Be aware that this process can take some time and large models might consume high amounts of RAM, although this exact code was able to run on a free Google Colab GPU.

Additionally, bitsandbytes also allows users to load a model and distribute its weights between the CPU and GPU. Weights allocated to the CPU remain in float32 and aren't converted to 8-bit. This is designed for users aiming to manage a large model by balancing between GPU and CPU. More information on this topic is available here.

GGML and llama.cpp: Allowing inference on CPU

In the constantly evolving ecosystem of machine learning, GGML has carved a niche for itself. GGML is a C library for machine learning (ML), where the "GG" refers to the initials of its originator (Georgi Gerganov).

The library's distinctive edge lay in its proprietary binary format which offered a method to distribute LLMs, setting it apart from other standard formats. A noteworthy progression is the transition from the GGML format to GGUF, which supports the use of non-llama models.The GGUF format was tailored to be extensible and future-proof, all while being much lighter on the RAM requirements for quantization.

It was meticulously crafted to work seamlessly with the llama.cpp library, ensuring that practitioners can harness the power of LLMs efficiently. The main goal of the llama.cpp library is allowing the use of LLaMA models using 4-bit integer quantization on a MacBook.

One of GGML's primary functions was to facilitate the loading of GGML models and executing them on a CPU. Although nowadays it also allows the offload certain layers onto a GPU. This enhancement not only accelerated inference speeds but also provided a workaround for LLMs that were too expansive for an average VRAM.

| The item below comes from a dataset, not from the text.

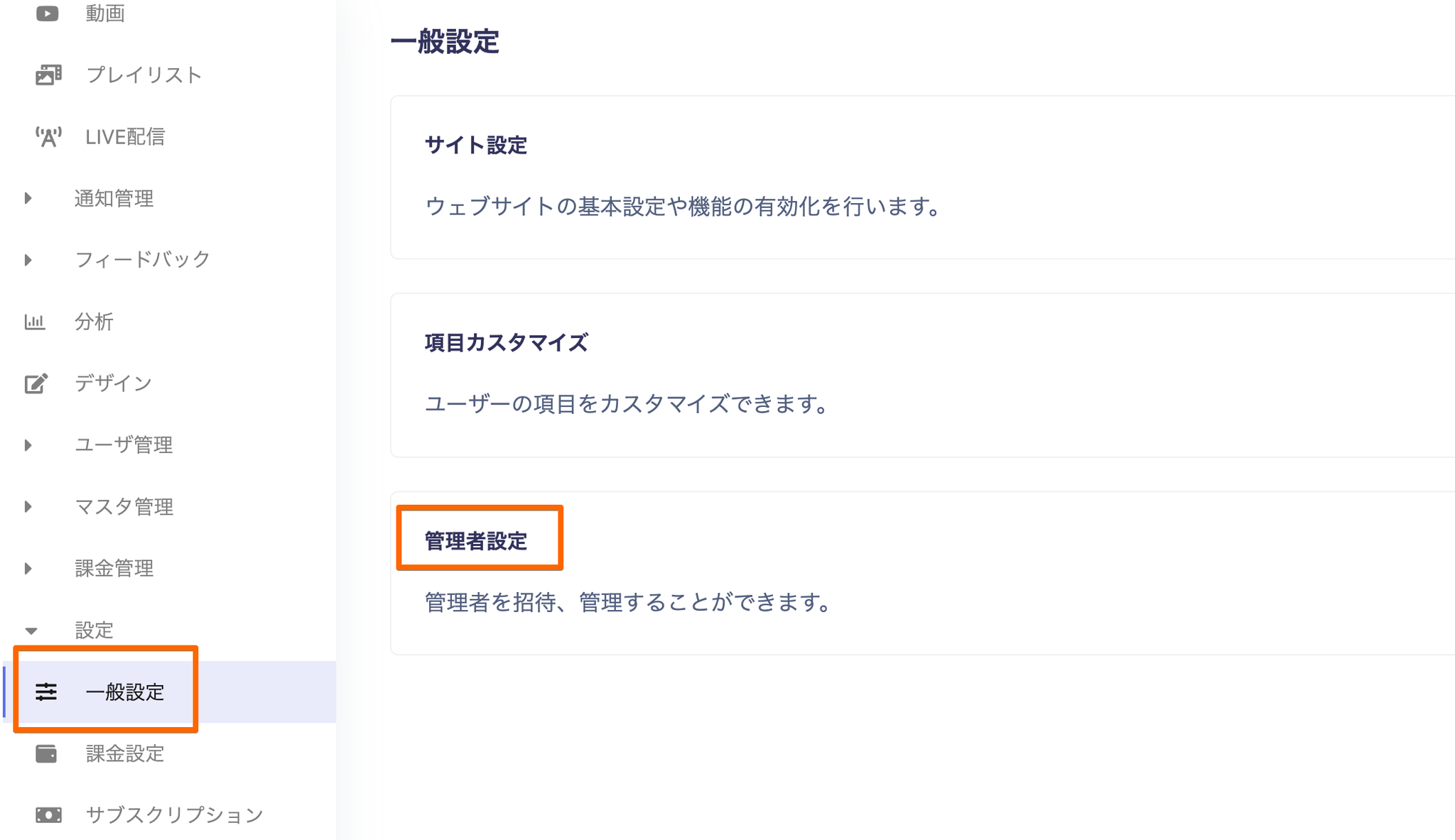 一般設定、管理者管理、サブスクリプション
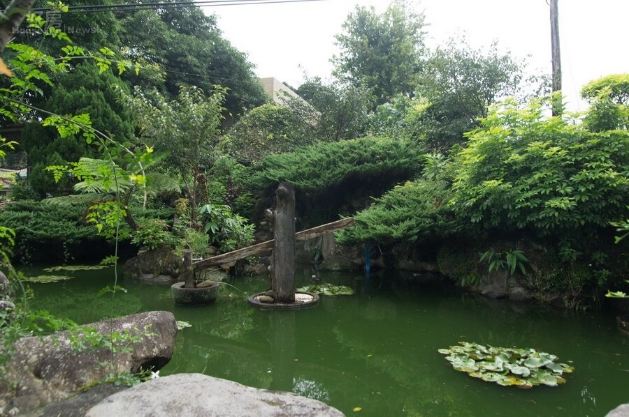 一到石牆仔咖啡館,首先印入眼簾的是一池翠綠色池塘與參天老樹,在炎熱的午後越發顯得清涼。

Recent reports also available on the llama.cpp repository suggest that this technique enabled a 180B Falcon model to operate inference on a Mac M2 Ultra. This significant milestone showcases the power of quantization in making large language models accessible on consumer-available hardware.

Quantizing a LLM from Hugging Face to GGUF for inference on a CPU can require some more lines of code, so here is a notebook of how to do it step-by-step. Alternatively, one can use this script from llama.cpp to easily quantize any Hugging Face model.

Final Thoughts

Quantization has revolutionized the way we perceive and utilize LLMs. By compacting colossal models like LLaMA-30B to fit everyday devices, it has essentially democratized access to artificial intelligence. This breakthrough ensures that users don't have to compromise performance for size, allowing for swift and efficient language processing even on consumer-grade hardware.

It's truly a testament to the ingenuity of the LLM community that solutions like these continue to emerge, bridging the gap between advanced AI and the everyday user. As technology continually evolves, it's exciting to imagine what the future holds.